WORK ITEM. In the records below, the lines between the one holding "Продаётся 3-комнатная квартира" and the one holding "ContáctenosPortada de EL", inclusive, are to be transcribed exactly; no pictures are to be included.
━━━ RECORDS FOR THIS TASK ━━━
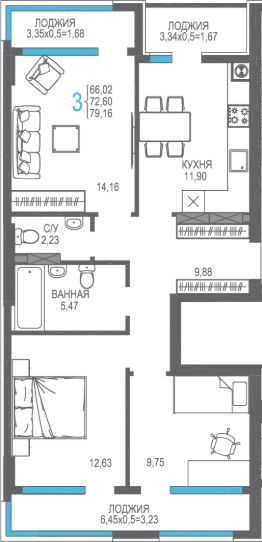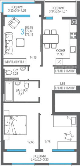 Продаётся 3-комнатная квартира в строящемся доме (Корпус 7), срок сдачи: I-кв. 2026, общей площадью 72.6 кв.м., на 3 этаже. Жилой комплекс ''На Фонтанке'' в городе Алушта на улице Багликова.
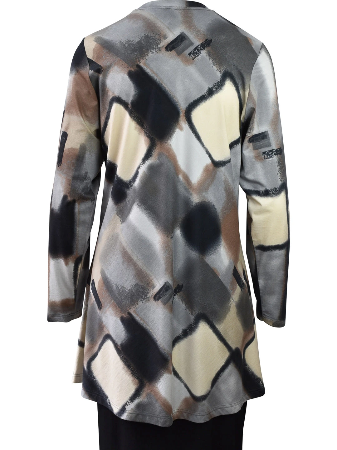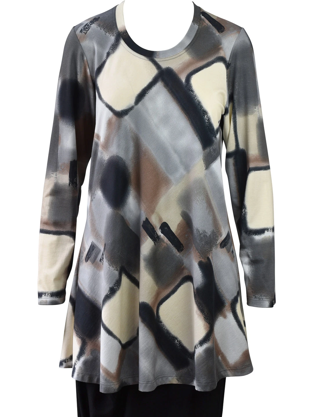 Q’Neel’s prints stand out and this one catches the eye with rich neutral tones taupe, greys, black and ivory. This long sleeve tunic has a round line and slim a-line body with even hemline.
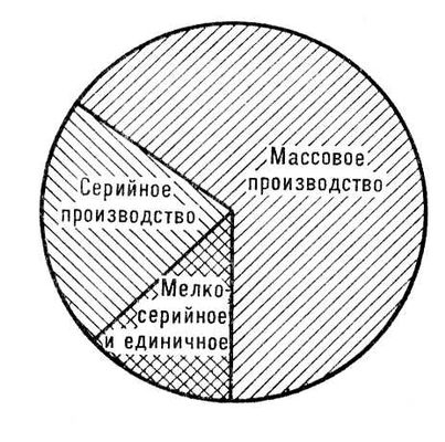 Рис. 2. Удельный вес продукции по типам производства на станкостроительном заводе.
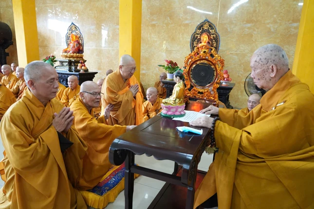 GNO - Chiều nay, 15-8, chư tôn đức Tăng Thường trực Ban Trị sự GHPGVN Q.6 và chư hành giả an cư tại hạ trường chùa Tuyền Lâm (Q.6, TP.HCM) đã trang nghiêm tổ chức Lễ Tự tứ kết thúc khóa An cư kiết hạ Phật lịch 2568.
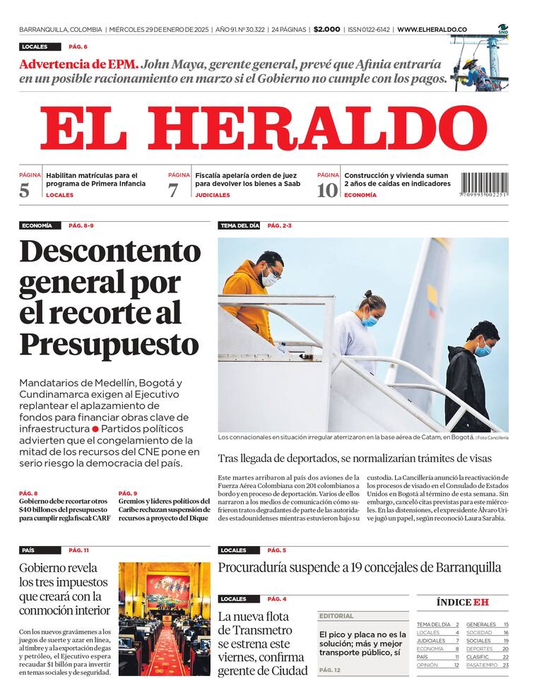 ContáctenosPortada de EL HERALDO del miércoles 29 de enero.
━━━
━━━ RECORDS FOR THIS TASK ━━━
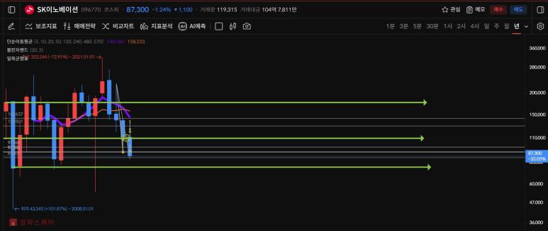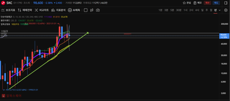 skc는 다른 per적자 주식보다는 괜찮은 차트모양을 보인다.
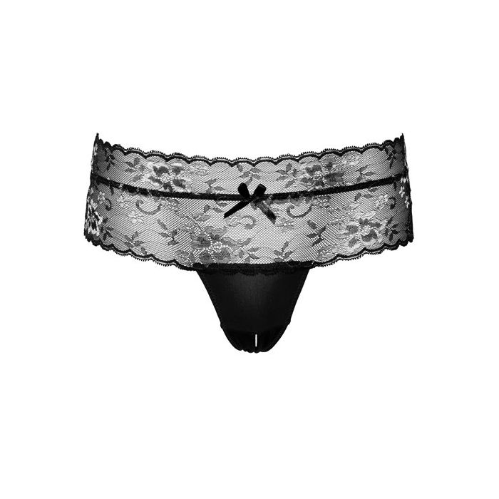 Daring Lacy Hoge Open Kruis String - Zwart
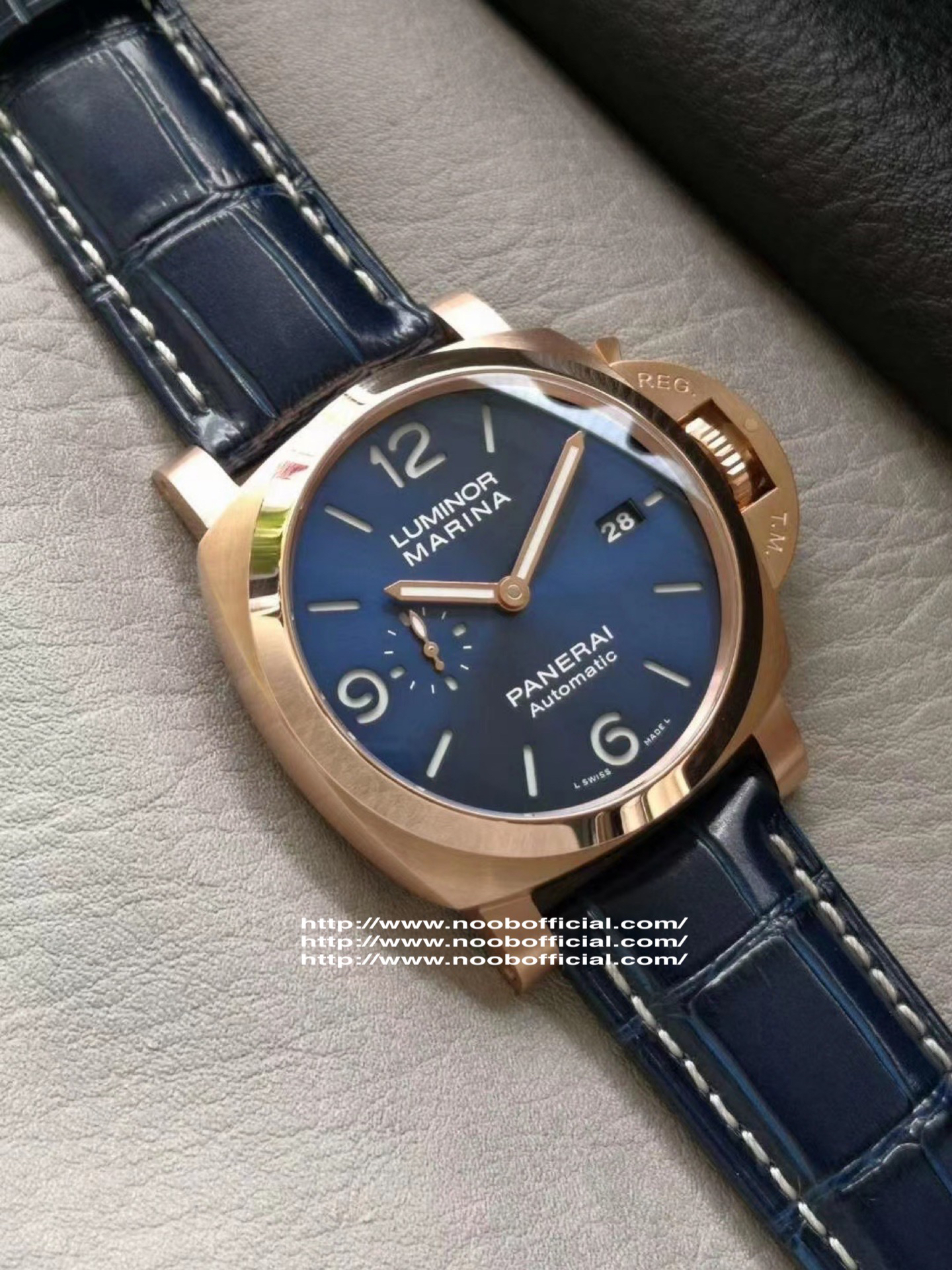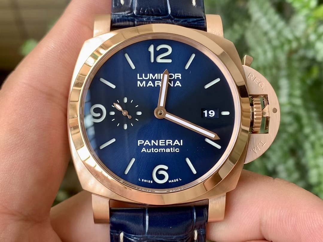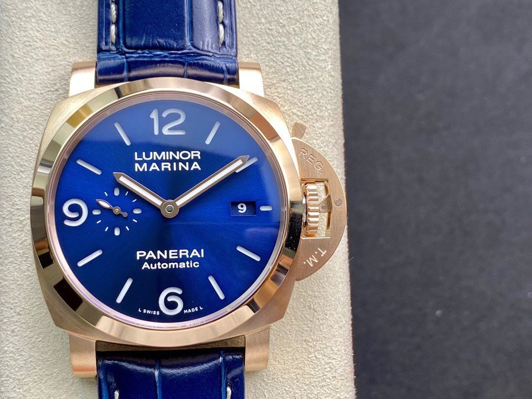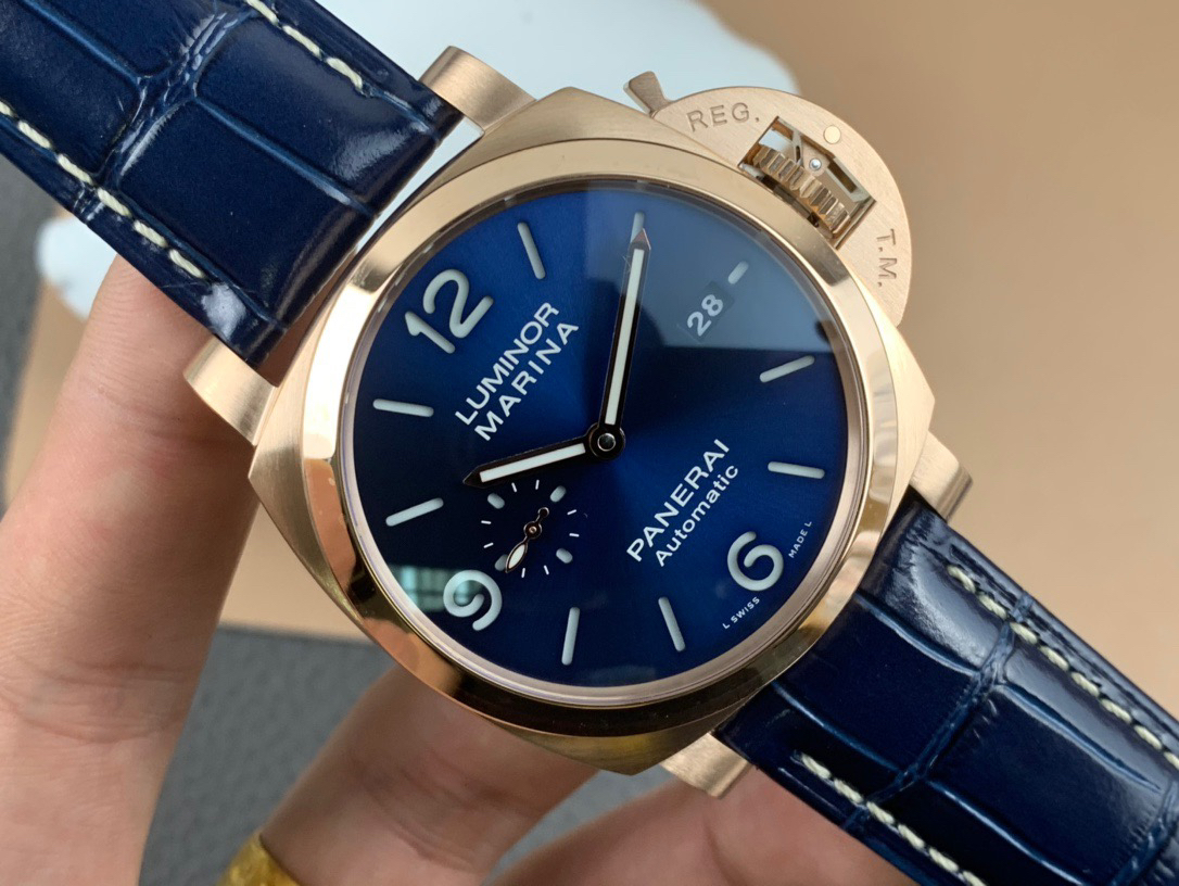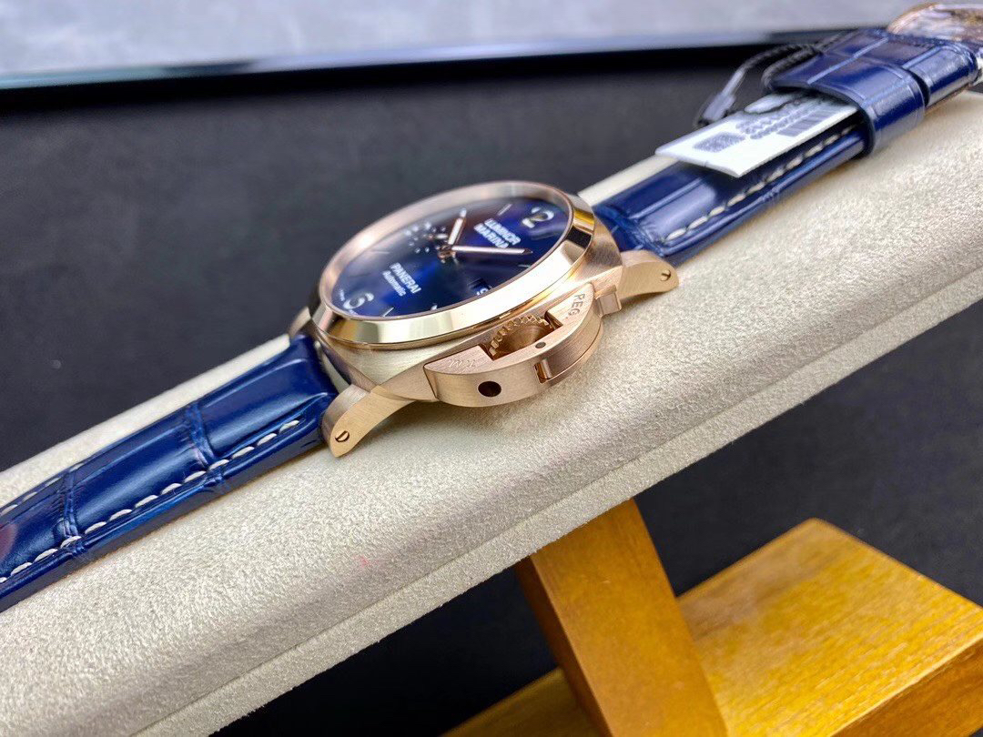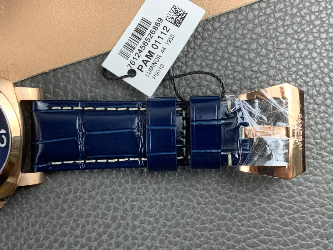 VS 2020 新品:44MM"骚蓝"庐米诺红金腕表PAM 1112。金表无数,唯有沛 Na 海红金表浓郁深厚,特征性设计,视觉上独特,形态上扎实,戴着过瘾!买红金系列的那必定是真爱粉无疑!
━━━
RESPONSE TO THE TASK.
 Продаётся 3-комнатная квартира в строящемся доме (Корпус 7), срок сдачи: I-кв. 2026, общей площадью 72.6 кв.м., на 3 этаже. Жилой комплекс ''На Фонтанке'' в городе Алушта на улице Багликова.
 Q’Neel’s prints stand out and this one catches the eye with rich neutral tones taupe, greys, black and ivory. This long sleeve tunic has a round line and slim a-line body with even hemline.
 Рис. 2. Удельный вес продукции по типам производства на станкостроительном заводе.
 GNO - Chiều nay, 15-8, chư tôn đức Tăng Thường trực Ban Trị sự GHPGVN Q.6 và chư hành giả an cư tại hạ trường chùa Tuyền Lâm (Q.6, TP.HCM) đã trang nghiêm tổ chức Lễ Tự tứ kết thúc khóa An cư kiết hạ Phật lịch 2568.
 ContáctenosPortada de EL HERALDO del miércoles 29 de enero.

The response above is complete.